📜 ⬆️ ⬇️

To the birthday of the Dalai Lama

Yesterday, I was walking around the city and suddenly wondered how you can implement the dividing of a string by characters using JavaScript with a regular expression and with full Unicode.

After moving from Perl to JavaScript many years ago, I still experienced some inferiority complex for my new language due to insufficient Unicode support. For all the time while JavaScript made its big leap in this direction (when moving from ES5 to ES6), I have some good articles left in my bookmarks.

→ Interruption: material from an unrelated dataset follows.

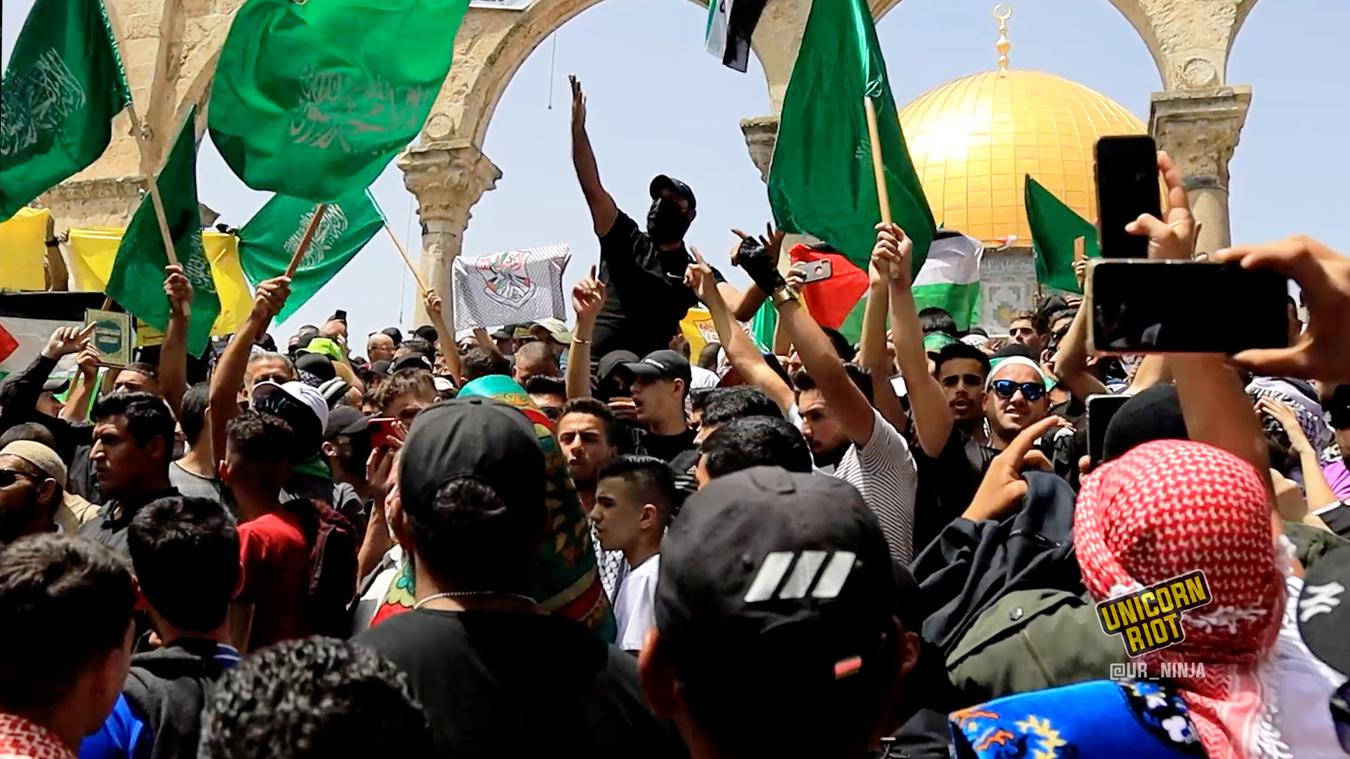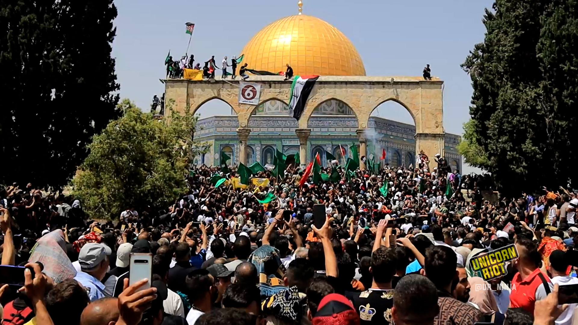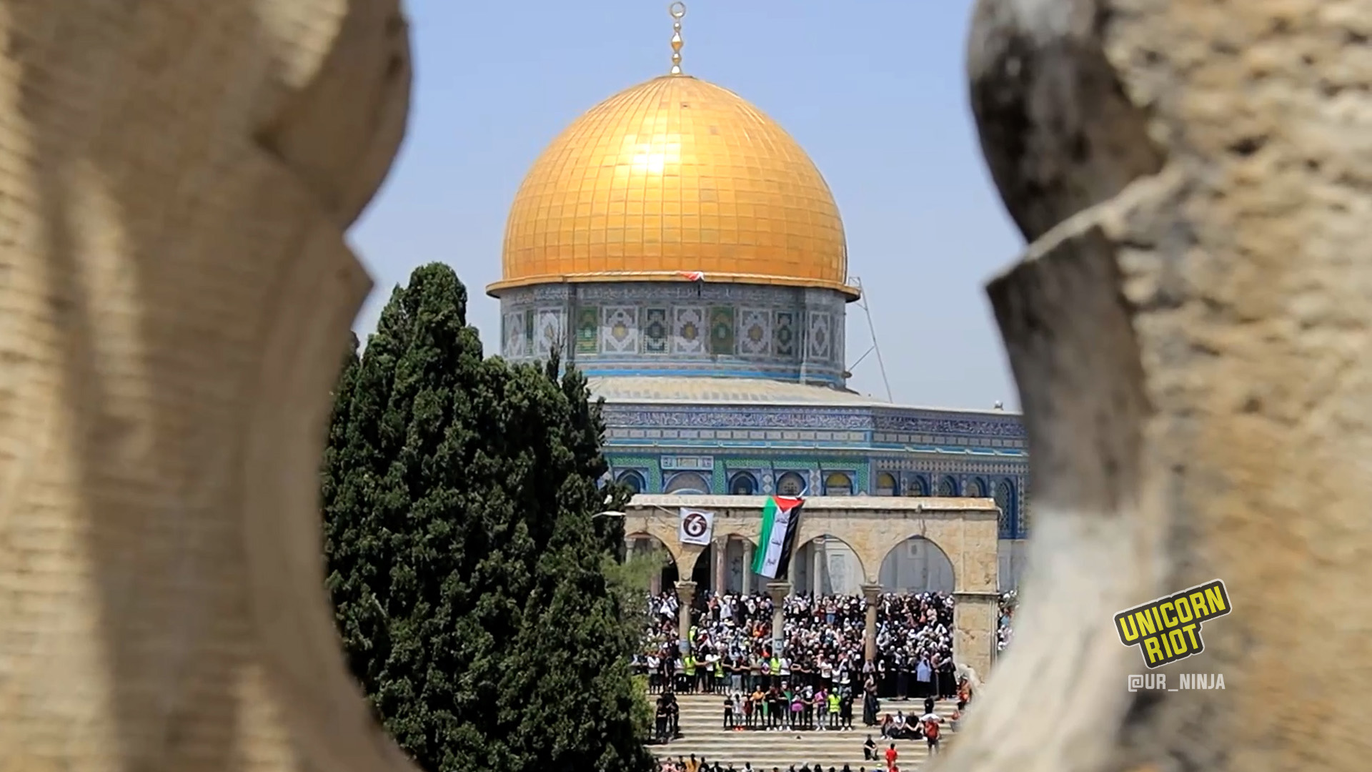 In the afternoon, worshippers and those gathered in the courtyard of Al-Aqsa chanted slogans like “I swear to God, the Most High, the Great, that we protect the blessed Al-Aqsa Mosque.”

Absolutely, Positively Must Know About Unicode and Character Sets (No Excuses!)
Javascript has a unicode problem
Unicode-aware regular expressions in ECMAScript 6
ES6 Strings (and Unicode) in Depth
')
The last of them offered a recipe for breaking a string into characters, taking into account Unicode with the help of a new operator ... For example (Habrovsky parser does not allow for some reason to enter this example with code, hiding characters above BMP):



And yesterday I wondered whether it was possible to implement the same with the help of new regular expressions. A simple idea came to mind that turned out to be true:



Today I suddenly realized that yesterday was the birthday of the Dalai Lama. Therefore, it seemed to me that this note can be completed with a little jokes on JavaScript in honor of the hero of the occasion.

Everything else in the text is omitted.